Oh dear. I hate to be the bearer of bad tidings, but non-CM is really quite negative about you. You never call, you never text, you never email.... Non-CM is starting to say some quite rude things about you....


----------



## Gaspard de la Nuit (Oct 20, 2014)

I listen to a lot of non-WCM music and my relationship with it is exactly the same. It's a frustrating fact of my personality that I tend to focus exclusively on music whose impact with regards to pleasure is extreme, so I end up ignoring most of the given genre or tradition and become something of a disrespectful musical parasite. Sometimes I wonder why I'm on TC when a lot of the standard repertoire and music by otherwise important and often-discussed composers just doesn't reach me at all.

Now editing this post, I realize the reason for this is because I used to be very dedicated to writing music and wanted my music to have an extreme beauty and inescapable impact, so it made very little sense to absorb the qualities of music that didn't strike me as being high-octane enough. Since I stopped composing, the manner of listening has largely maintained itself but I think I'm getting better at being a more appreciative listener.


----------



## worov (Oct 12, 2012)

Crossover music is good too. Listen to musicians which mix classical with popular music. For instance, this recording is a jazzy version of Spanish classical repertoire :






Ever heard of Emerson, Lake and Palmer? It's progressive rock band. They have used extensively classical pieces in their work : Bartók, Bach, Copland, Gershwin, Mussorgsky. Here's their album : Pictures at the Exhibition :






If you enjoy rock, check out the work of Frank Zappa too.

Check out the Latino American composers if you haven't yet. Folk music is very strong influence in their pieces. Actually folk music and classical music has always been linked. The classical composers very often borrowed from folklore (look at Brahms' Hungarian Rhapsodies).

Villa-Lobos :






Ginastera :






Revueltas :






Leonard Bernstein has often used crossover in his compositions. Listen to his Mass : it includes the classical liturgy but also blues, rock, dodecaphonic stuff, street musicians, it's got it all.


----------



## Blancrocher (Jul 6, 2013)

I try to be faithful to classical music. It takes care of the housework, pays the bills, and supports me emotionally. But every now and again I'll spend the night with the Rolling Stones on a dirty vacation in Vegas. I feel guilty, but I can't help myself.


----------



## worov (Oct 12, 2012)

Blancrocher said:


> I try to be faithful to classical music. It takes care of the housework, pays the bills, and supports me emotionally. But every now and again I'll spend the night with the Rolling Stones on a dirty vacation in Vegas. I feel guilty, but I can't help myself.

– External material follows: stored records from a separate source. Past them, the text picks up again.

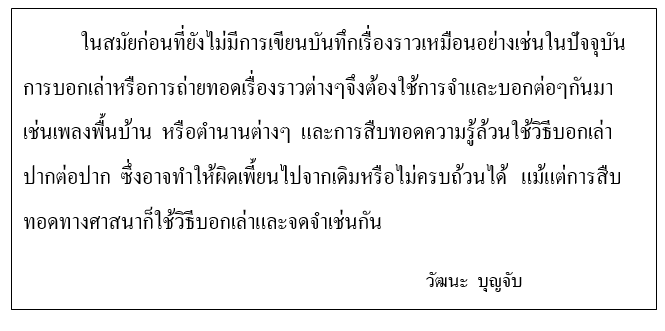 4. การถ่ายทอดตำนานต่างๆของไทยก็มาจากการจดจำและบอกเล่า |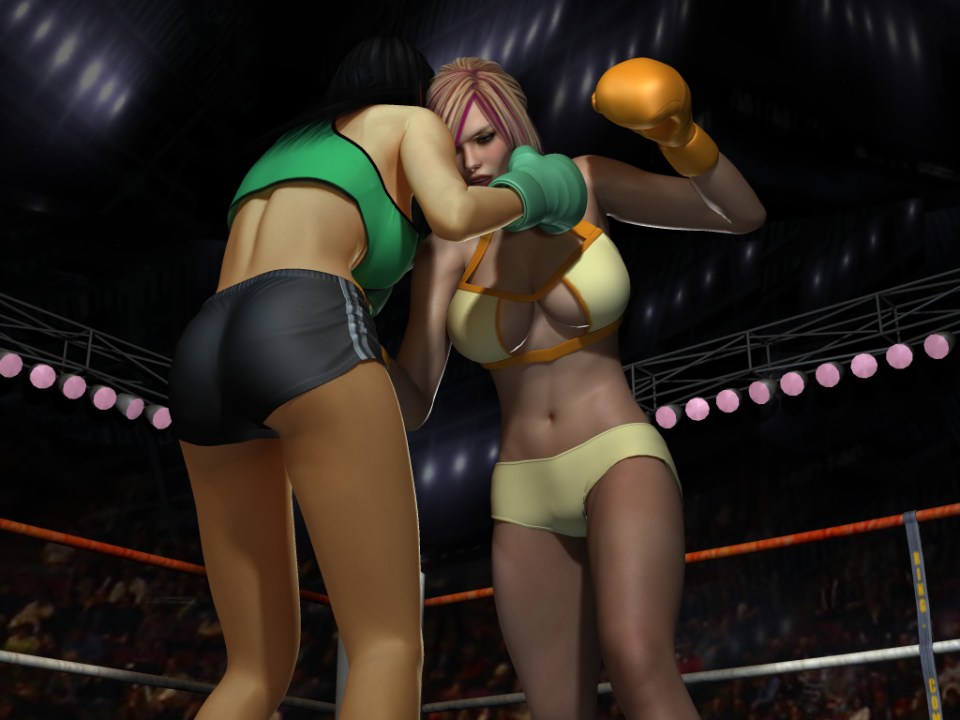 DING! And the bell rang to start the match! Both women flew toward the center of the ring, dancing around each other looking for an opening. After a few testing jabs, Lana rushed in close and gutted the Jade Fist with a powerful left glove. Lana then proceeded to crowd around her opponent, not letting her out of her punching range.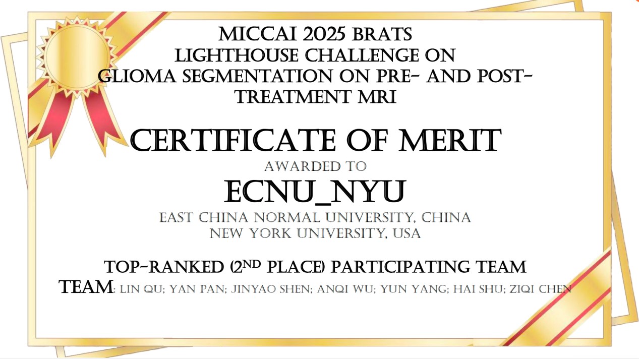 本次参赛的BraTS 2025 Lighthouse Challenge(灯塔挑战),是MICCAI从众多竞赛中遴选出的“高影响力挑战”,强调真实高质量临床数据、严格的盲测评估机制以及与临床需求的紧密对齐,旨在推动具备实际落地潜力的医学人工智能技术发展。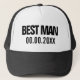 Best Man trucker hat for bachelor wedding party. Custom groomsmen caps. Personalise with your own name or date. Custom gifts for request or proposal.
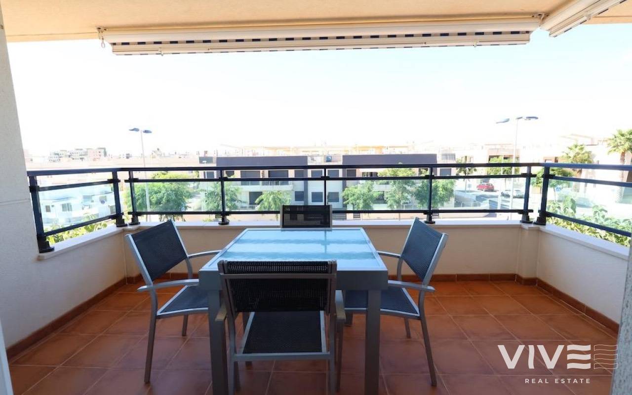Mil Palmeras – Penthouse with Sea Views Just 150 Meters from the Beach. . Located in the exclusive Río Mar XI residential complex, this bright south-facing penthouse enjoys a privileged location just 150 meters from the sea. The property offers 98 m2 distributed across 2 bedrooms, a full bathroom, an open-plan kitchen, and a spacious living-dining area with access to a terrace boasting stunning sea views.. . It includes a spectacular private solarium of 59 m2, fully equipped with a barbecue area, shower, storage room, and awnings — perfect for enjoying the Mediterranean climate all year round.. . The property is sold fully furnished with air conditioning, and includes a large parking space and a storage room in the price.. . The residential complex features beautifully landscaped gardens, a children's play area, tennis court, and a stunning communal swimming pool with direct access to the beach.. . An excellent opportunity as a permanent residence, holiday home, or investment in one of the most sought-after areas of the Costa Blanca.

Why feel guilty ? There's nothing wrong with that. Leonard Bernstein loves pop and rock music as he demonstrates in this video. I'm sure he's not ashamed of it.






If you love it, there's nothing to be ashamed of, because it's good music.

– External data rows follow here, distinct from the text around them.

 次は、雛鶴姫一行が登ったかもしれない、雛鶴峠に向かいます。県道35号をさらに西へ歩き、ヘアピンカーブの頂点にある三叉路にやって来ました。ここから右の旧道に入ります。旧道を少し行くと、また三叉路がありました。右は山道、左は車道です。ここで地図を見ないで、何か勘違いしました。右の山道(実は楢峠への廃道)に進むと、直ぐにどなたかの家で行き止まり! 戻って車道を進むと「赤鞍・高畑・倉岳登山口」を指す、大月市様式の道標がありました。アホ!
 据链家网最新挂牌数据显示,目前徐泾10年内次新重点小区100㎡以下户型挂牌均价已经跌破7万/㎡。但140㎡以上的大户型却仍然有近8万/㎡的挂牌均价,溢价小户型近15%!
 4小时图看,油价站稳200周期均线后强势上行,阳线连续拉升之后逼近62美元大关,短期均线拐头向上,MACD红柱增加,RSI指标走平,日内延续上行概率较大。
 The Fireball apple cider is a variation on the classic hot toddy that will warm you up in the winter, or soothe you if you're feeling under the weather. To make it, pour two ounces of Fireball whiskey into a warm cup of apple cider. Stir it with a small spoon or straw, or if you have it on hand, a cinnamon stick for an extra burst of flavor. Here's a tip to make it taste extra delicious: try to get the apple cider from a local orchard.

Another great musician, Duke Ellington once said : "There are two kinds of music : the good music and the bad music".


----------



## Stavrogin (Apr 20, 2014)

worov said:


> Ever heard of Emerson, Lake and Palmer? It's progressive rock band.


Who?
The band that has sold over 30 million records?
No, never heard.
Man, try with less obscure artists please...


----------



## Gaspard de la Nuit (Oct 20, 2014)

worov said:


> Check out the Latino American composers if you haven't yet. Folk music is very strong influence in their pieces. Actually folk music and classical music has always been linked. The classical composers very often borrowed from folklore (look at Brahms' Hungarian Rhapsodies).

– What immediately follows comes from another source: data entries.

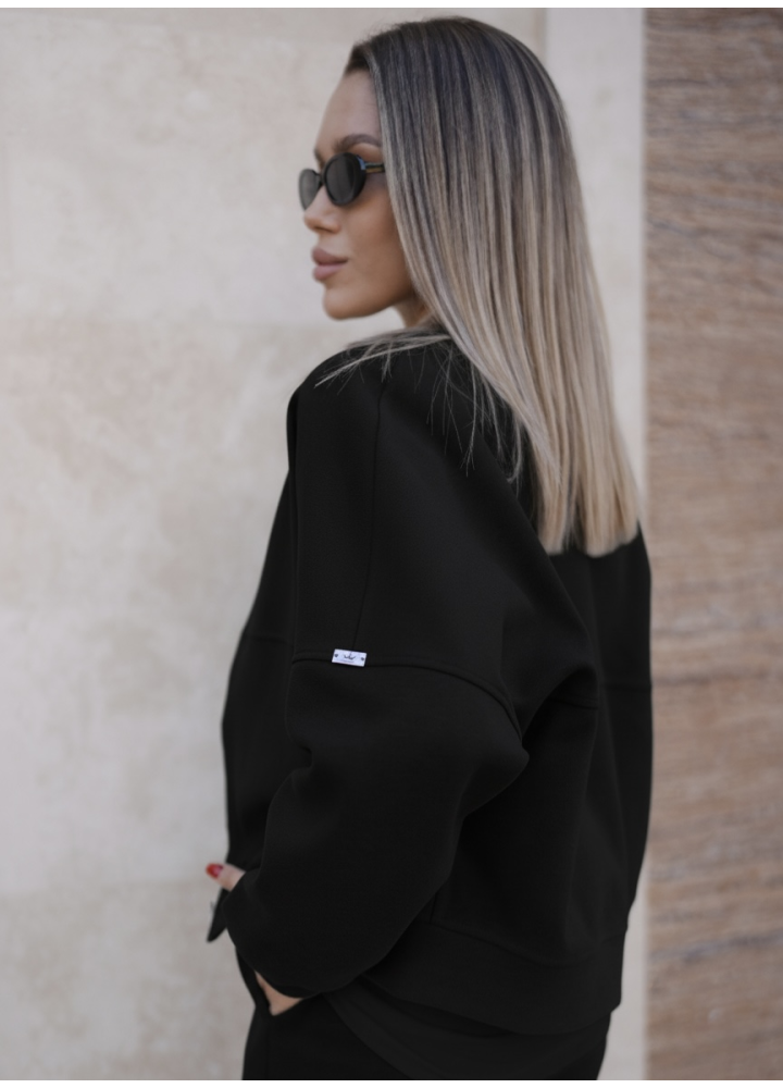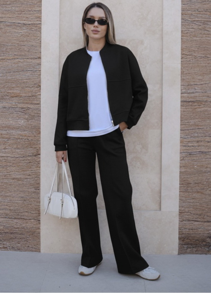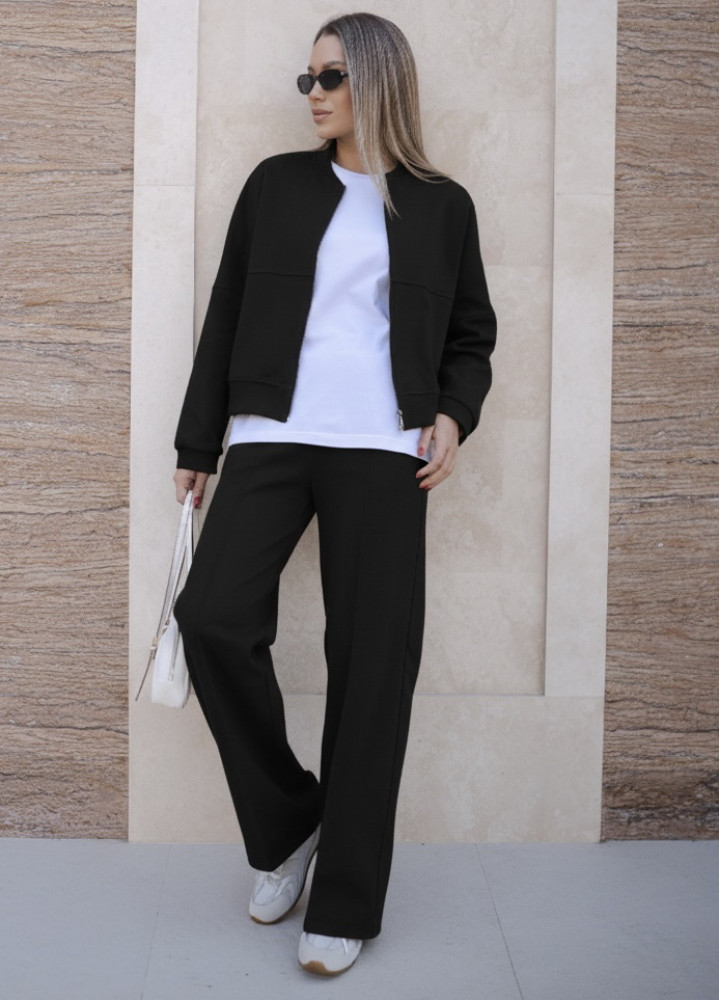 Стриманий чорний колір робить костюм універсальним – його легко комбінувати як із класичними, так і з кежуал-аксесуарами. Чудовий варіант для створення елегантного міського образу!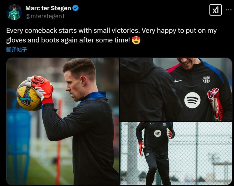 2月16日訊 巴薩門將特爾施特根更新社媒,慶祝自己回到訓練場。特爾施特根寫道:“每次回歸都是從小的勝利開始的,很高興我能在時隔一段時間后再次穿上門將手套和球鞋!”特爾施特根在去年9月重傷,本賽季只為巴薩出場過7次。 本文標簽: 足球 西甲 巴塞羅那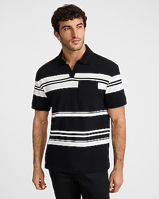 Quality shines through in our 100% premium pima cotton with it's smooth, silky feel and stretch for endless comfort. Perfect for the transitional season, this polo is complete with a Johnny collar, short sleeves, and a horizontal striped pattern.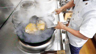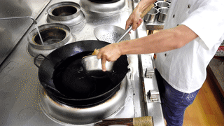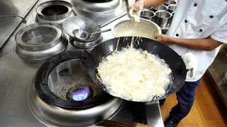 【7】中途加入适量的植物油,加植物油的目的是稀释淀粉之间的粘性,以防止原材料下锅抱团。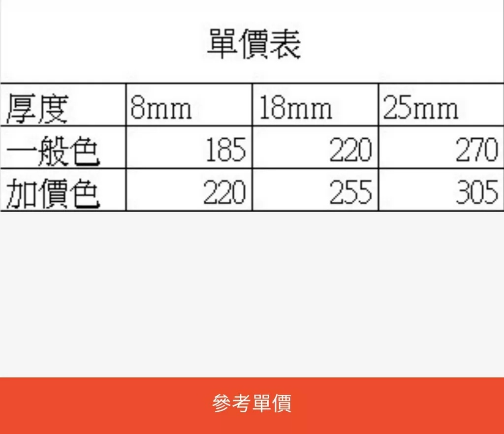 一般色:一才單價:220元(一律4邊ABS封邊)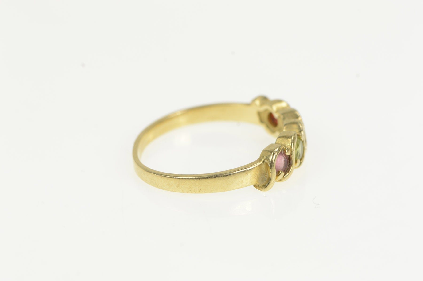 ·Item: 14K Garnet Peridot Emerald Pink Topaz Wavy Band Ring Size 8 Yellow Gold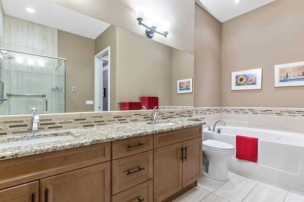 Luxury semi-detached VILLA BUNGALOW with a fully developed walkout basement, perfectly located backing onto a serene, landscaped greenspace in an exclusive and sought after 55+ community. Every detail of this residence has been thoughtfully planned to give a sophisticated blend of elegance, comfort and effortless living. The open concept design is highlighted by walls of oversized windows and transoms that rise nearly to the ceiling, flooding the home with natural light and offering gorgeous outdoor views. The kitchen is a showpiece, appointed with a premium SUB-ZERO FRIDGE, PROFESSIONAL GRADE WOLF STOVE AND BOSCH DISHWASHER. Rich granite countertops, extensive custom cabinetry and a generous walk in pantry complete this exceptional space. Step directly onto the expansive deck to enjoy peaceful mornings or elegant evenings overlooking the beautifully landscaped greenspace. The primary suite is a private sanctuary, featuring a vaulted ceiling and a spa inspired ensuite with a large sized double vanity, soaker tub and an oversized glass shower. The professionally finished walkout lower level elevates the home’s living space with a dramatic fireplace feature wall, two spacious bedrooms, a full four piece bath, in floor heating, new furnace in 2021 and garden doors that open to a covered patio — ideal for seamless indoor-outdoor living. A charming front verandah is the perfect space to relax and enjoy the peace and quiet of this exceptional community. This remarkable villa is an opportunity to own an UPSCALE RESIDENCE WITH PREMIUM FINISHES and an uncompromising lifestyle. NOT A CONDO - NO CONDO FEES (Homeowners Association).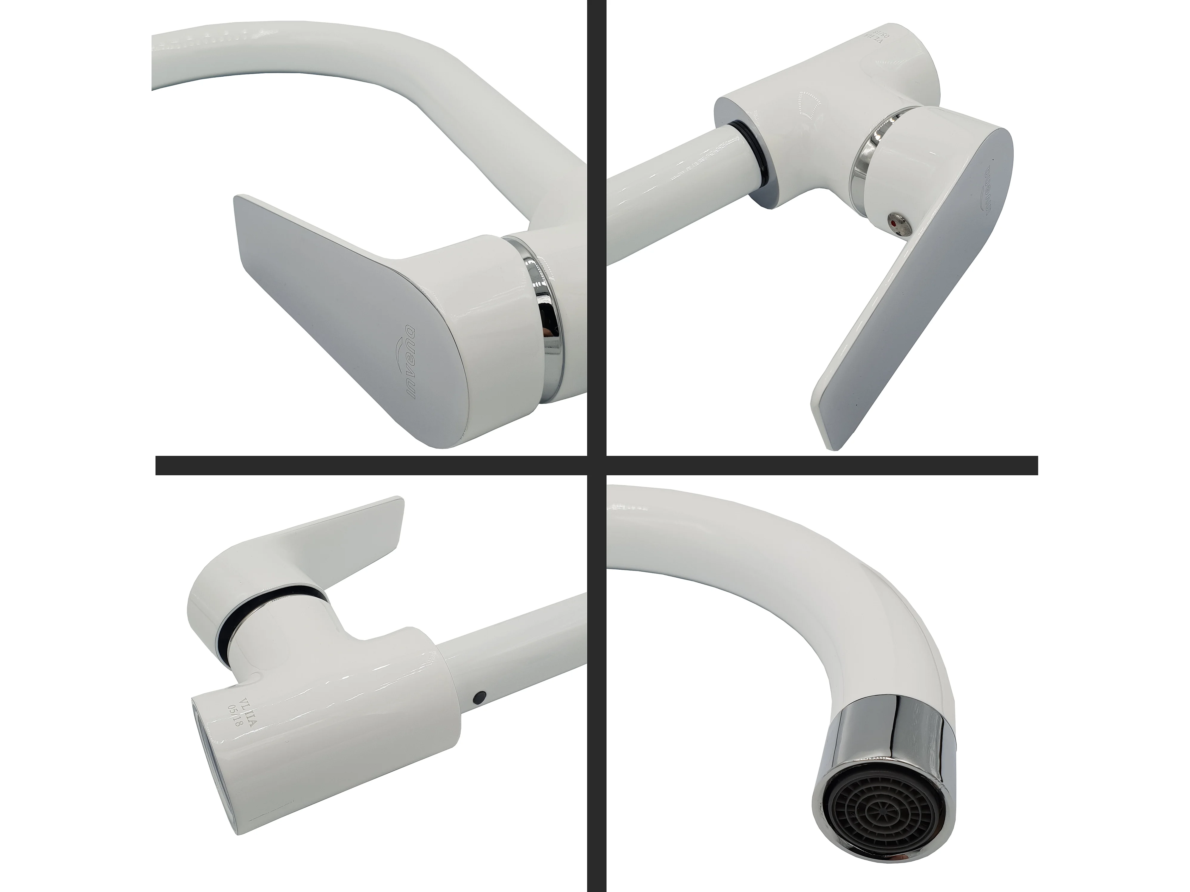 ROBINET DE CUISINE MURAL FLEXIBLE ÉVIER BLANC ROBINET FLEXO BEC FLEXIBLE

We have a whole thread about this now


----------



## brotagonist (Jul 11, 2013)

I just moved my non-classical into another room :lol: to make more space for classical in the living room.


----------



## Strange Magic (Sep 14, 2015)

worov said:


> Why feel guilty ? There's nothing wrong with that. Leonard Bernstein loves pop and rock music as he demonstrate in this video. I'm sure he's not ashamed of it.


As I recall, Lenny later disavowed his short-lived interest in Rock. I could tell (psychic ability!) that he was trying to hop on a new bandwagon during his period of initial perceived enthusiasm for the music, but the love really wasn't there and he was easily talked out of it by his high-falutin' composer friends.


----------



## mountmccabe (May 1, 2013)

I grew up listening to both classical and popular music styles. When I started choosing for myself I stuck more towards the latter, until my early-20s when I really spent some time listening to pieces and was blown away. There was still always a balance, though the scales tipped towards classical music (and especially opera) around five years ago, coinciding with a move to NYC and buttressed by the rise in availability of streaming music.

I agree with what several other posters have said, in that different forms of music have different things to listen for, aspects to appreciate, and so on.

I listened to a good deal of electronic music for a while but that has faded. I got into progressive metal and progressive rock for a while, but that has faded, in part because it seems wanting in comparison to classical styles. I explored many other different shades of metal - doom, black, melodic death - but I don't listen as much as I'd like because it's so different from most of the rest of what I listen to and I rarely think to have an extended period of listening to metal.

By comparison though free jazz is also well out there I more frequently choose to listen to Albert Ayler and Ornette Coleman, and so on. I listen to a good deal of jazz, funk, soul, r&b, hip hop, Broadway, pop, country, and blues, but all of these are dwarfed by more rock-based music (though it of course often has influences from previously mentioned genres).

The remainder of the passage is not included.